[The problem]: Output exactly, with nothing added, the entries from the first line through the line with "Pegatina Redonda Botellas".

Supplied information Start Marker

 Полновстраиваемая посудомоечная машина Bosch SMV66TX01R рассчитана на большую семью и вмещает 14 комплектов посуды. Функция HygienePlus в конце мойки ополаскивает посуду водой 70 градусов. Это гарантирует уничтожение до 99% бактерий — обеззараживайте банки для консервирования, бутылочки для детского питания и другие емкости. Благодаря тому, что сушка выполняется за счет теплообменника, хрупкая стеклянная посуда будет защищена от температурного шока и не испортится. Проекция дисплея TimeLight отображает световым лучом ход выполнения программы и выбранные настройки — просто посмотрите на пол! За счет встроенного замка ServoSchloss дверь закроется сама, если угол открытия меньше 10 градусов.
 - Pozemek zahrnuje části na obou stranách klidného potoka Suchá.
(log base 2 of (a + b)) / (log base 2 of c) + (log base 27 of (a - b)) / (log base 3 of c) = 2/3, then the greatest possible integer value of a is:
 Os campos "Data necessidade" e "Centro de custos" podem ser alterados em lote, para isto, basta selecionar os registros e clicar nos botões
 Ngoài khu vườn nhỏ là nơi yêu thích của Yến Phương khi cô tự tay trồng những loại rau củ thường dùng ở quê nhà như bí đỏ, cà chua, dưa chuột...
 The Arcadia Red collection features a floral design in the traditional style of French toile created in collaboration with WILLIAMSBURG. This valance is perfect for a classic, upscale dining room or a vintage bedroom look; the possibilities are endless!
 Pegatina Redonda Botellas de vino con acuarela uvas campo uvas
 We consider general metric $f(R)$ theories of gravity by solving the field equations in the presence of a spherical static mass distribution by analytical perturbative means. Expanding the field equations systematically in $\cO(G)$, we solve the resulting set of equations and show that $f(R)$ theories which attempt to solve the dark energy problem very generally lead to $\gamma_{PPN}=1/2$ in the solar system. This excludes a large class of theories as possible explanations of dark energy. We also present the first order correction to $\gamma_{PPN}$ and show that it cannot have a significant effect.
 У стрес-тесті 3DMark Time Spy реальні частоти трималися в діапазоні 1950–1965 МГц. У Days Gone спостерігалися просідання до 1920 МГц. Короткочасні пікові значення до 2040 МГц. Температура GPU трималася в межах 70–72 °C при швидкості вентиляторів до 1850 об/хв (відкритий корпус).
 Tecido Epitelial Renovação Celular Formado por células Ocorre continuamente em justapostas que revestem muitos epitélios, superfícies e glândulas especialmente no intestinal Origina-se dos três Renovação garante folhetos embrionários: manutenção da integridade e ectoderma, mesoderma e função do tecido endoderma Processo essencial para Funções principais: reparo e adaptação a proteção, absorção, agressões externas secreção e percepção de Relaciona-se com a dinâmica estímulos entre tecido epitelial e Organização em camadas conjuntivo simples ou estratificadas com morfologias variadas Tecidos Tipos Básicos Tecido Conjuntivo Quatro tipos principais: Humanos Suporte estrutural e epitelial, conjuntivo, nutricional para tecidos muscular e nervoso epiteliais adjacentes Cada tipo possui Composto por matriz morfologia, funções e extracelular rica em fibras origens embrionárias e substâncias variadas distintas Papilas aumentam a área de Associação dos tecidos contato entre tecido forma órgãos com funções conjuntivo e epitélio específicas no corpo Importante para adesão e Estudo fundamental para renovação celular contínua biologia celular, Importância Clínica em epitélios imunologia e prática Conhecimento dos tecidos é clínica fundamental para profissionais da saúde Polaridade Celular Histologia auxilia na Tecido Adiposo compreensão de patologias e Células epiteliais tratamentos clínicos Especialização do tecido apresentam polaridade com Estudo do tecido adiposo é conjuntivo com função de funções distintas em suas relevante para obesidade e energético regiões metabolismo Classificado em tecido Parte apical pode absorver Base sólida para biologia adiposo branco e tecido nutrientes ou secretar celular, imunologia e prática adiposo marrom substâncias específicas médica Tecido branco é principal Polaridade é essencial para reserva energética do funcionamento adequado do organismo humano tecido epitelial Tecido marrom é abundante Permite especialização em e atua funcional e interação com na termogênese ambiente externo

Supplied information End Marker

[Finished task]:
 Полновстраиваемая посудомоечная машина Bosch SMV66TX01R рассчитана на большую семью и вмещает 14 комплектов посуды. Функция HygienePlus в конце мойки ополаскивает посуду водой 70 градусов. Это гарантирует уничтожение до 99% бактерий — обеззараживайте банки для консервирования, бутылочки для детского питания и другие емкости. Благодаря тому, что сушка выполняется за счет теплообменника, хрупкая стеклянная посуда будет защищена от температурного шока и не испортится. Проекция дисплея TimeLight отображает световым лучом ход выполнения программы и выбранные настройки — просто посмотрите на пол! За счет встроенного замка ServoSchloss дверь закроется сама, если угол открытия меньше 10 градусов.
 - Pozemek zahrnuje části na obou stranách klidného potoka Suchá.
(log base 2 of (a + b)) / (log base 2 of c) + (log base 27 of (a - b)) / (log base 3 of c) = 2/3, then the greatest possible integer value of a is:
 Os campos "Data necessidade" e "Centro de custos" podem ser alterados em lote, para isto, basta selecionar os registros e clicar nos botões
 Ngoài khu vườn nhỏ là nơi yêu thích của Yến Phương khi cô tự tay trồng những loại rau củ thường dùng ở quê nhà như bí đỏ, cà chua, dưa chuột...
 The Arcadia Red collection features a floral design in the traditional style of French toile created in collaboration with WILLIAMSBURG. This valance is perfect for a classic, upscale dining room or a vintage bedroom look; the possibilities are endless!
 Pegatina Redonda Botellas de vino con acuarela uvas campo uvas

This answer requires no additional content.